From the line containing "自力解決が始まりました。分数" down to the final line of the entries below, return each line exactly and drop the pictures.
** DATA TO PROCESS follows **
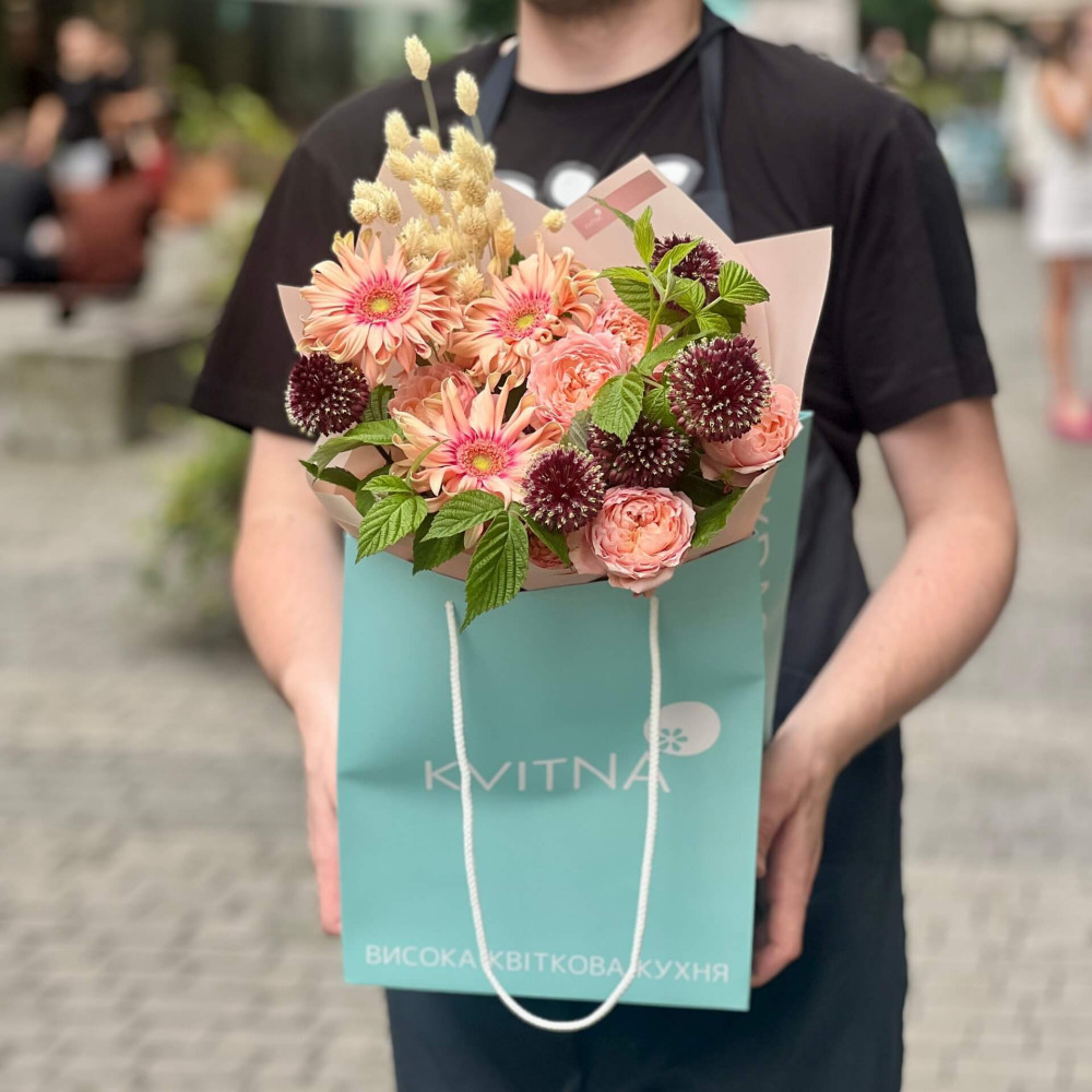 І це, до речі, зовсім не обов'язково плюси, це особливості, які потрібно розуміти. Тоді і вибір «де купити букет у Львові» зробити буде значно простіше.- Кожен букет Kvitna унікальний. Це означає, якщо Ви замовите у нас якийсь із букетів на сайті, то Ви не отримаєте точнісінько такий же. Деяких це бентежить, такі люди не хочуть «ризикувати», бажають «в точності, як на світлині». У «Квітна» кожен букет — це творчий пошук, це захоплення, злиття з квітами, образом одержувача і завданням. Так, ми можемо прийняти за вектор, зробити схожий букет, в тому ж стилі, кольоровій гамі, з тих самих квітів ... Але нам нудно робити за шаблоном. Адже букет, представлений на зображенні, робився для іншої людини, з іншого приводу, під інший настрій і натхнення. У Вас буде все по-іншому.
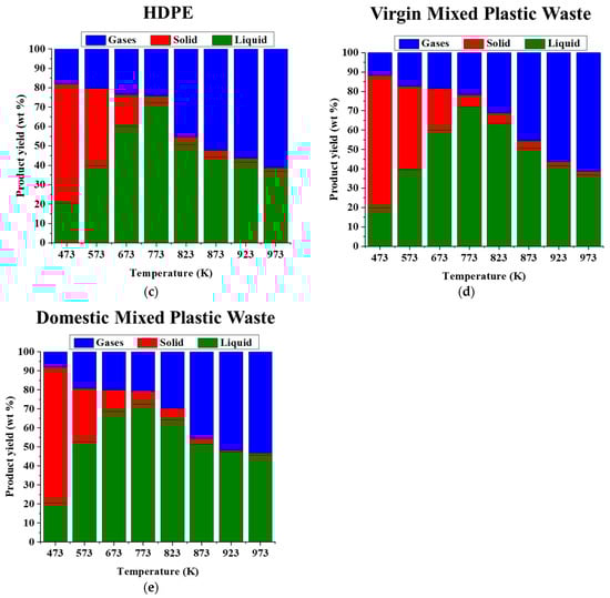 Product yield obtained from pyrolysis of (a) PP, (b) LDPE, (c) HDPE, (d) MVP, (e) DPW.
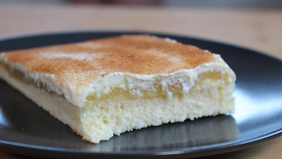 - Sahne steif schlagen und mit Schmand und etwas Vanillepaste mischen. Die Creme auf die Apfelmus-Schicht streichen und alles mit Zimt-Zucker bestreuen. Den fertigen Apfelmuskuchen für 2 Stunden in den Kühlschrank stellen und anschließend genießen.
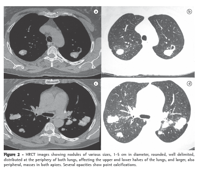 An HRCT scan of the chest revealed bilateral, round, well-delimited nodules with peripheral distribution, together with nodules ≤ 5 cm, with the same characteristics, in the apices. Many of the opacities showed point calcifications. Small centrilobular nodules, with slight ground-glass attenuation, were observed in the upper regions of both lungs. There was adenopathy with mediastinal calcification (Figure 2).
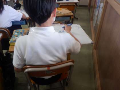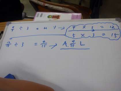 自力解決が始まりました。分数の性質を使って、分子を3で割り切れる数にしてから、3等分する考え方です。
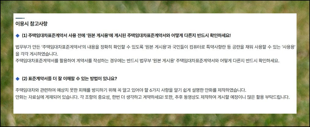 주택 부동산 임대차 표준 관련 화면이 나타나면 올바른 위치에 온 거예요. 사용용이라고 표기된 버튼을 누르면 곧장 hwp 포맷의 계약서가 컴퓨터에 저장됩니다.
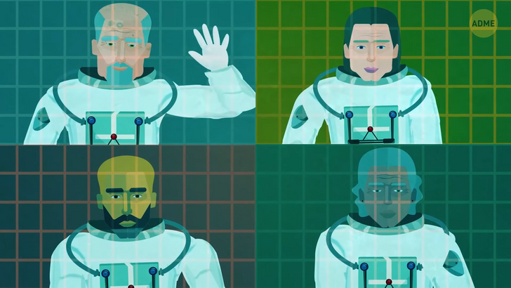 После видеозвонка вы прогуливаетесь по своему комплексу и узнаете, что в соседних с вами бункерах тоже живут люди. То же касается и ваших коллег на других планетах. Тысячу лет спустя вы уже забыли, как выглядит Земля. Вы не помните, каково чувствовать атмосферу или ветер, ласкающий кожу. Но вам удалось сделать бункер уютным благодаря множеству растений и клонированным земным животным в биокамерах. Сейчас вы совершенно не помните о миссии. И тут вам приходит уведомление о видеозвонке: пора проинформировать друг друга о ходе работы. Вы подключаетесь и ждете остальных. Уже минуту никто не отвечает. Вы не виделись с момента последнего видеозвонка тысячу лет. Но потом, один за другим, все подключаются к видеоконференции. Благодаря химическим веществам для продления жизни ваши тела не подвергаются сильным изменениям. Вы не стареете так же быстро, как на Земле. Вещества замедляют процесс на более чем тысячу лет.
** End of DATA TO PROCESS **
» **ANSWER BOX**:
 自力解決が始まりました。分数の性質を使って、分子を3で割り切れる数にしてから、3等分する考え方です。
 주택 부동산 임대차 표준 관련 화면이 나타나면 올바른 위치에 온 거예요. 사용용이라고 표기된 버튼을 누르면 곧장 hwp 포맷의 계약서가 컴퓨터에 저장됩니다.
 После видеозвонка вы прогуливаетесь по своему комплексу и узнаете, что в соседних с вами бункерах тоже живут люди. То же касается и ваших коллег на других планетах. Тысячу лет спустя вы уже забыли, как выглядит Земля. Вы не помните, каково чувствовать атмосферу или ветер, ласкающий кожу. Но вам удалось сделать бункер уютным благодаря множеству растений и клонированным земным животным в биокамерах. Сейчас вы совершенно не помните о миссии. И тут вам приходит уведомление о видеозвонке: пора проинформировать друг друга о ходе работы. Вы подключаетесь и ждете остальных. Уже минуту никто не отвечает. Вы не виделись с момента последнего видеозвонка тысячу лет. Но потом, один за другим, все подключаются к видеоконференции. Благодаря химическим веществам для продления жизни ваши тела не подвергаются сильным изменениям. Вы не стареете так же быстро, как на Земле. Вещества замедляют процесс на более чем тысячу лет.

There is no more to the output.